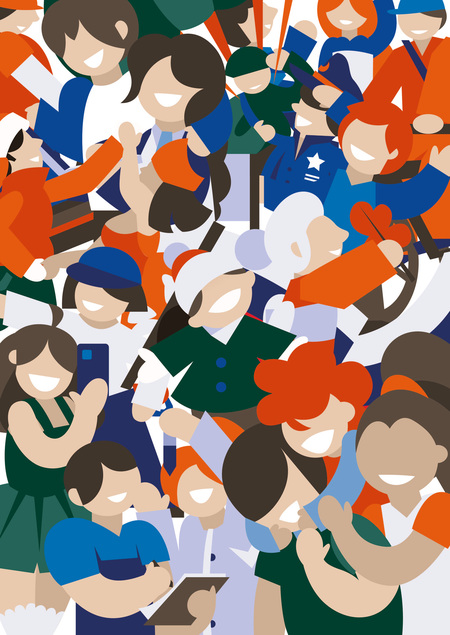 Был выбран стиль геометричной флэт-иллюстрации с чистыми заливками, простой и яркий. Решение оставить людей без лиц в рамках условий концепции принято для того, чтобы зритель мог легче ассоциировать себя с героями иллюстраций.
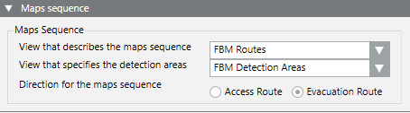NOTE: If you do not require access/evacuation routes across multiple maps, you do not need to configure these views, and the field View that describes maps sequence must be left blank. When you leave this field empty, you will get maps from all graphics that contain the previously selected objects.
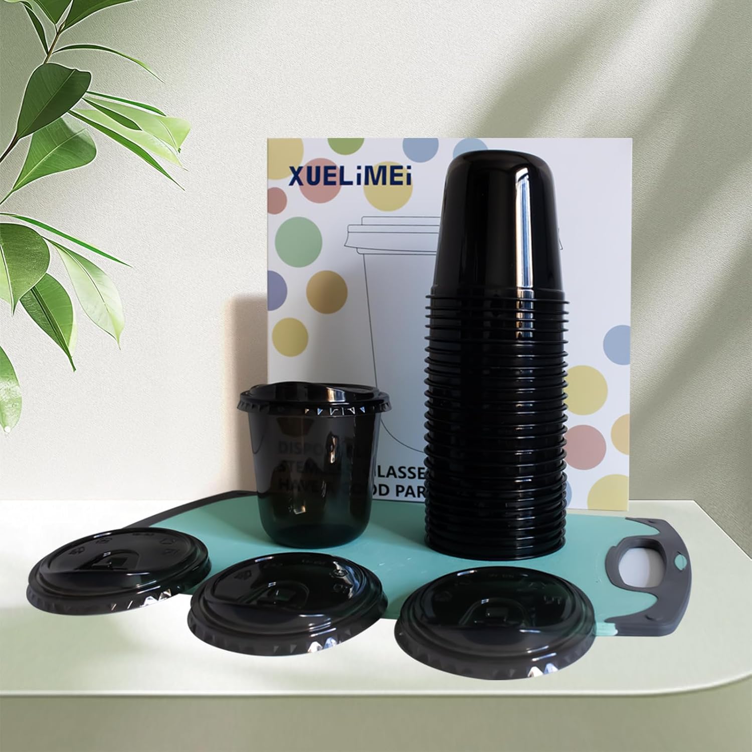 16oz Disposable Stemless Glasses With Strawless Sip Lids,PET Disposable Drinking Cups,Clear Plastic Wine Glasses for Parties Birthday,Wedding,Meeting,Christmas Party Supplies (100, Black)
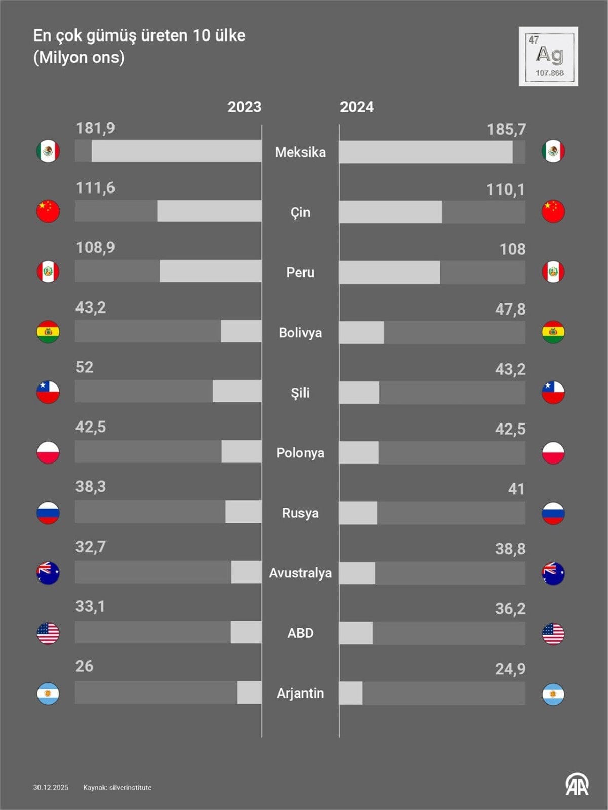 Tablo, 2023 ve 2024 yıllarında en çok gümüş üreten 10 ülkeyi (milyon ons cinsinden) karşılaştırıyor. 2024’te birçok ülkede artış görülürken, Çin, Peru, Şili ve Arjantin’de hafif düşüşler var.
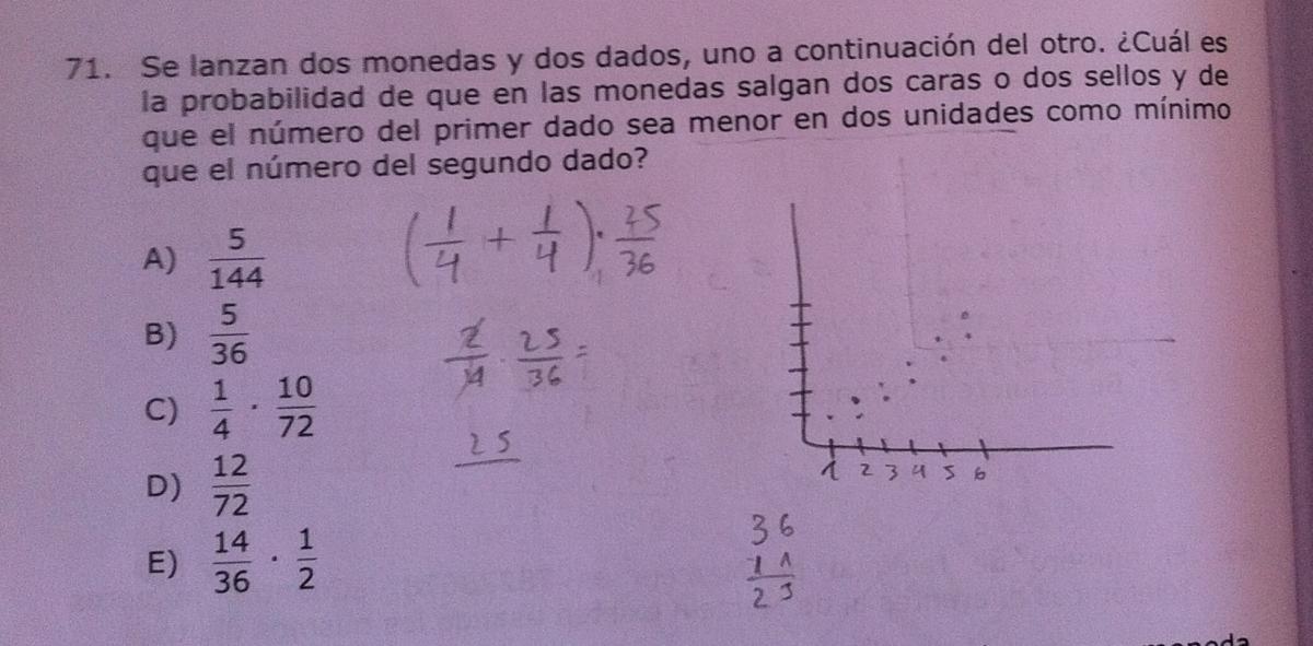 por lo que tenemos que la probabilidad de sacar un número en el primer dado que sea menor que el número del segundo en al menos en dos unidades es:
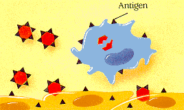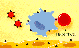 3 . Unique among the many different helper T cells (another class of white blood cells) in the body, one particular helper T cell now recognizes the antigen displayed and binds to the macrophage.
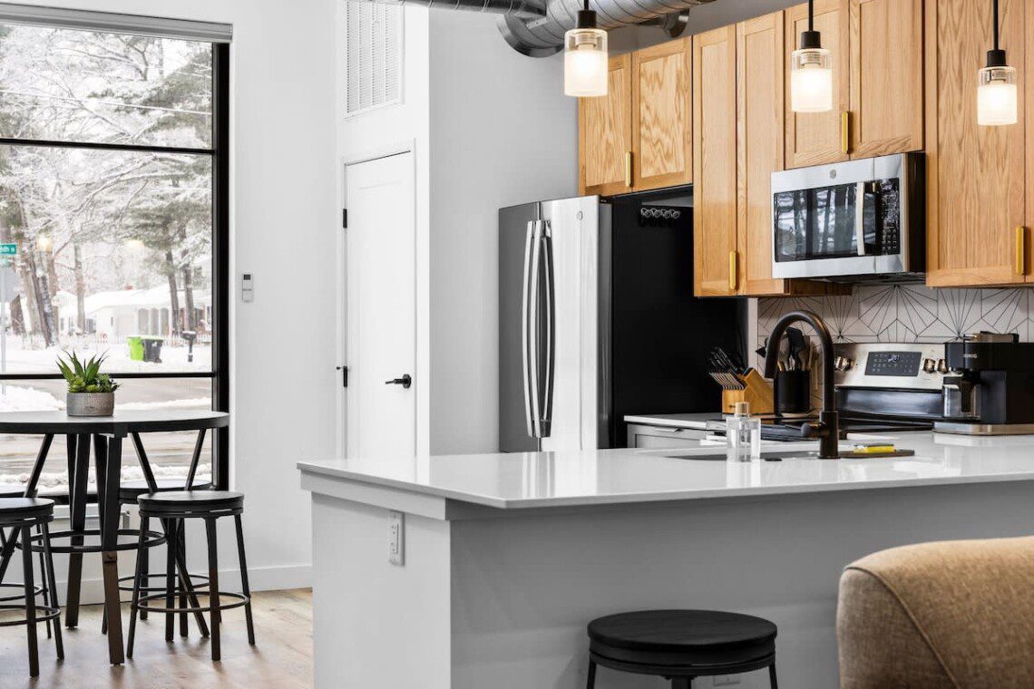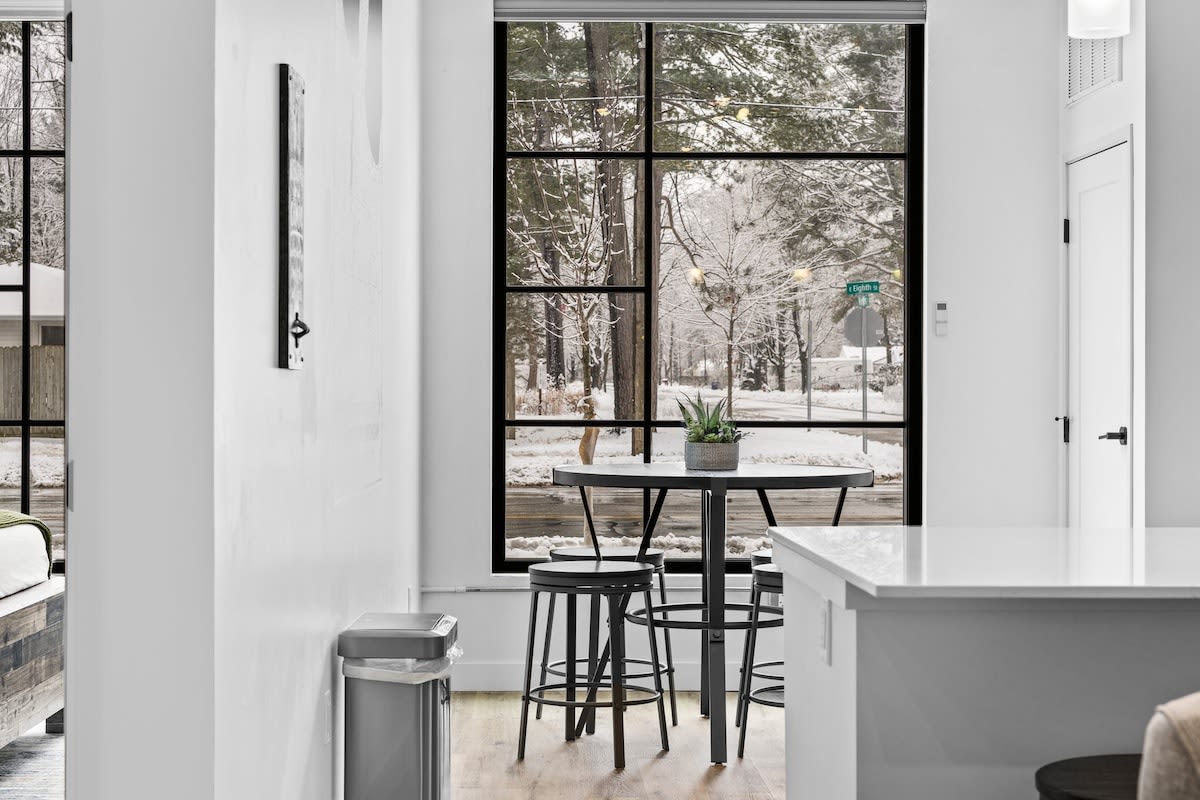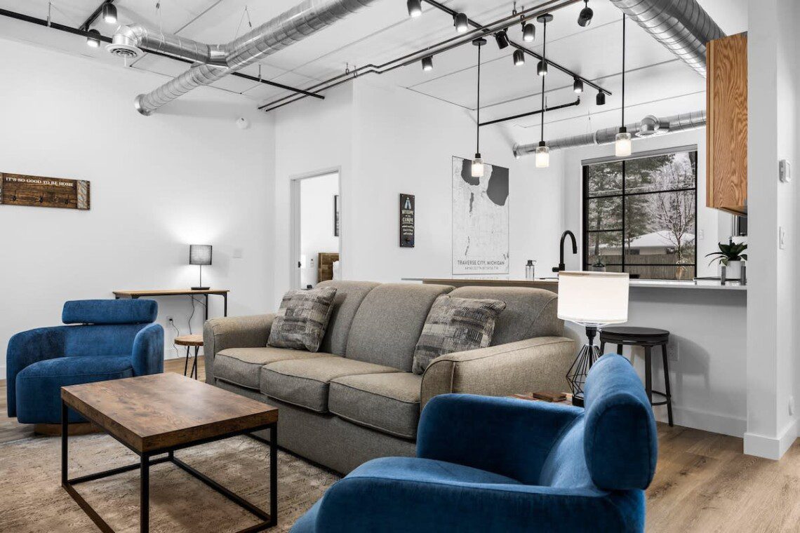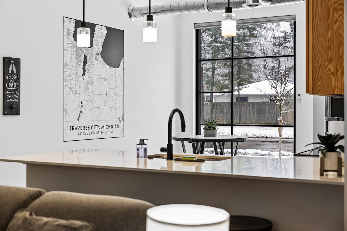 Discover modern living at its finest with an industrial twist in this sleek 2 bedroom, 2 bathroom Eastside condo. Enjoy the shared rooftop deck, complete with relaxing hot tubs for all guests to enjoy. This condo offers all the essentials for comfortable living and is just a short drive from downtown Traverse City and the renowned wineries on Old Mission Peninsula.
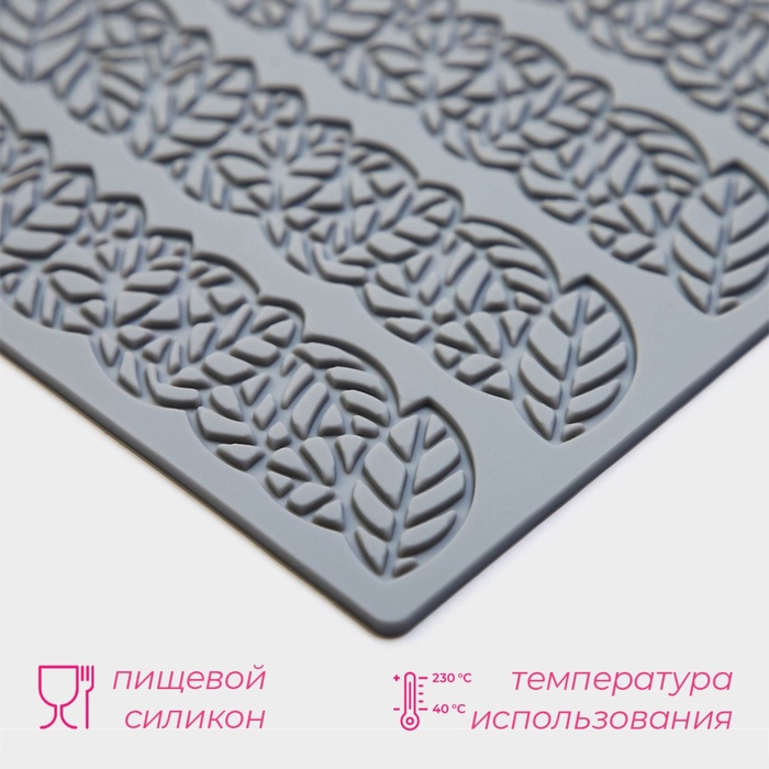 Коврик для айсинга Доляна «Листья», силикон, 16×13×0,3 см, цвет серый за 225 ₽ - купить в Москве оптом и в розницу.

· · · · · · ·

DIRECTIONS:
Please write out all the entries above exactly, but leave out the pictures.

RESPONSE TO THE EXERCISE:
 Был выбран стиль геометричной флэт-иллюстрации с чистыми заливками, простой и яркий. Решение оставить людей без лиц в рамках условий концепции принято для того, чтобы зритель мог легче ассоциировать себя с героями иллюстраций.
NOTE: If you do not require access/evacuation routes across multiple maps, you do not need to configure these views, and the field View that describes maps sequence must be left blank. When you leave this field empty, you will get maps from all graphics that contain the previously selected objects.
 16oz Disposable Stemless Glasses With Strawless Sip Lids,PET Disposable Drinking Cups,Clear Plastic Wine Glasses for Parties Birthday,Wedding,Meeting,Christmas Party Supplies (100, Black)
 Tablo, 2023 ve 2024 yıllarında en çok gümüş üreten 10 ülkeyi (milyon ons cinsinden) karşılaştırıyor. 2024’te birçok ülkede artış görülürken, Çin, Peru, Şili ve Arjantin’de hafif düşüşler var.
 por lo que tenemos que la probabilidad de sacar un número en el primer dado que sea menor que el número del segundo en al menos en dos unidades es:
 3 . Unique among the many different helper T cells (another class of white blood cells) in the body, one particular helper T cell now recognizes the antigen displayed and binds to the macrophage.
 Discover modern living at its finest with an industrial twist in this sleek 2 bedroom, 2 bathroom Eastside condo. Enjoy the shared rooftop deck, complete with relaxing hot tubs for all guests to enjoy. This condo offers all the essentials for comfortable living and is just a short drive from downtown Traverse City and the renowned wineries on Old Mission Peninsula.
 Коврик для айсинга Доляна «Листья», силикон, 16×13×0,3 см, цвет серый за 225 ₽ - купить в Москве оптом и в розницу.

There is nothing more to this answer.